As the world said goodbye to Dear Abby on Thursday, the Web was full of her snappiest one-liners, responses to thousands of letters over the decades that she wrote in her daily column. But her admirers noted that behind the humor and wit was a huge heart, and a genuine desire to improve people’s lives.

“She really wanted to help people,” said Judith Martin, the etiquette columnist known as Miss Manners. “Yes, she wrote with humor, but with great sympathy. She had an enormous amount of influence, and for the good. Her place in the culture was really extraordinary.”

The long-running “Dear Abby” column first appeared in the San Francisco Chronicle in 1956. Phillips was hardly experienced, but she had managed to snag an interview for the job. A skeptical editor allowed her to write a few sample columns, and Phillips was hired.

She wrote under the name Abigail Van Buren, plucking the name Abigail from the Bible and Van Buren from American history. Her column competed for decades with that of Ann Landers, who was none other than her twin sister, Esther Friedman Lederer (she died in 2002.) Their relationship was stormy in their early adult years, but they later regained the closeness they’d had growing up in Sioux City, Iowa.

Carolyn Hax, who writes her own syndicated advice column, said she feels that one can’t speak of one sister without the other, so influential were they both, and at the same time.

“Any of us who do this owe them such a debt,” she said. “The advice column was a backwater of the newspaper, and now it is so woven into our cultural fabric. These columns are loved and widely read, by people you wouldn’t expect. That couldn’t have happened without them.”

In a time before confessional talk shows and the nothing-is-too-private culture of the Web, the sisters’ columns offered a rare window into Americans’ private lives and a forum for discussing marriage, sex and the swiftly changing mores of the 1950s, ’60s and ’70s.

The two columns differed in style, though.

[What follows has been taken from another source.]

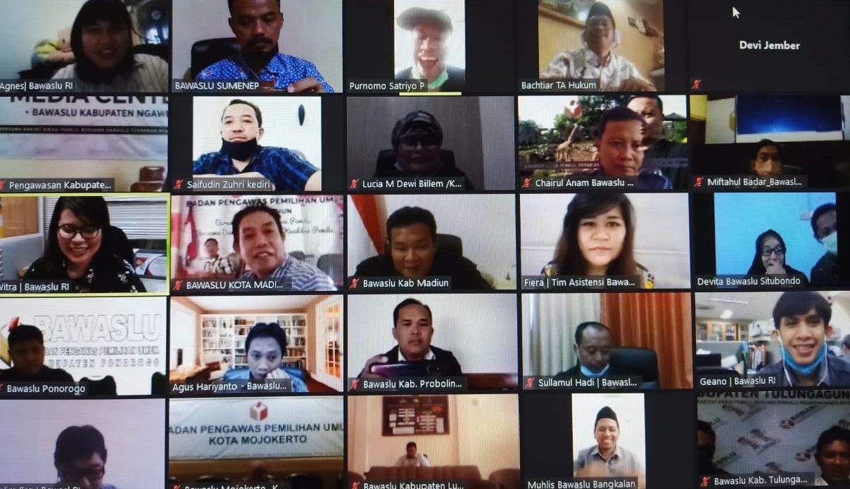 Rakor secara virtual oleh Bawaslu RI dan Bawaslu Se-Jawa Timur

While Ann Landers responded to questioners with homey, detailed advice, Abby’s replies were more flippant and occasionally risque.

Jeanne Phillips, who took over the column in 2002 after a few years of sharing the byline, recalled in a telephone interview Thursday her mother’s response to a woman who wrote in detail of how many drinks she’d shared with her date one night. “Did I do wrong?” the woman wrote, in the daughter’s retelling.

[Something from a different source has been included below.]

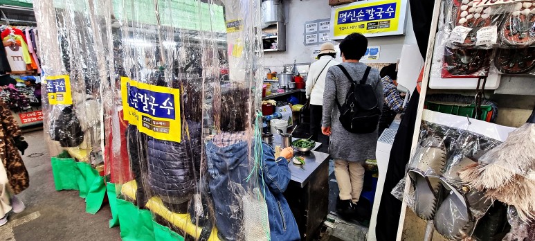 서문시장의 먹거리 서문시장은 다른 시장과 비교하여 먹거리가 풍부하다.작은 포장마차 같은 곳도 뒤로 먹을 수 있는 공간이 있다.메뉴도 다양하지만 그중 칼국수가 단연 대표적이다.특별한 장소로는 야시장이 있다.

“Probably,” her mom responded.

Pauline Esther Friedman, known as Popo, was born on Independence Day 1918 in Sioux City, Iowa, 17 minutes after her identical twin, Esther Pauline (Eppie). Their father was a well-off owner of a movie theater chain. Their mother took care of the home. Both were immigrants from Russia who had fled their native land in 1905 because of the persecution of Jews.

Two days before their 21st birthday, the sisters had a double wedding. Pauline married Morton Phillips, a businessman, Esther married Jules Lederer, a business executive and later founder of Budget Rent-a-Car. The twins’ lives diverged as they followed their husbands to different cities.

The Phillipses lived in Minneapolis, Eau Claire, Wis., and San Francisco, and had a son and daughter, Edward Jay and Jeanne. Esther lived in Chicago, had a daughter, Margo, and in 1955 got her job writing the advice column. She adopted its existing name, Ann Landers.

Pauline, who had been working for philanthropies and the Democratic Party, followed her sister’s lead. She applied for the advice column without notifying her sister, and that reportedly resulted in bad feelings. For a long time they did not speak to each other, but their differences were eventually patched up. In 2001, the twins, then 83, attended the 90th birthday party in Omaha, Neb., of their sister Helen Brodkey.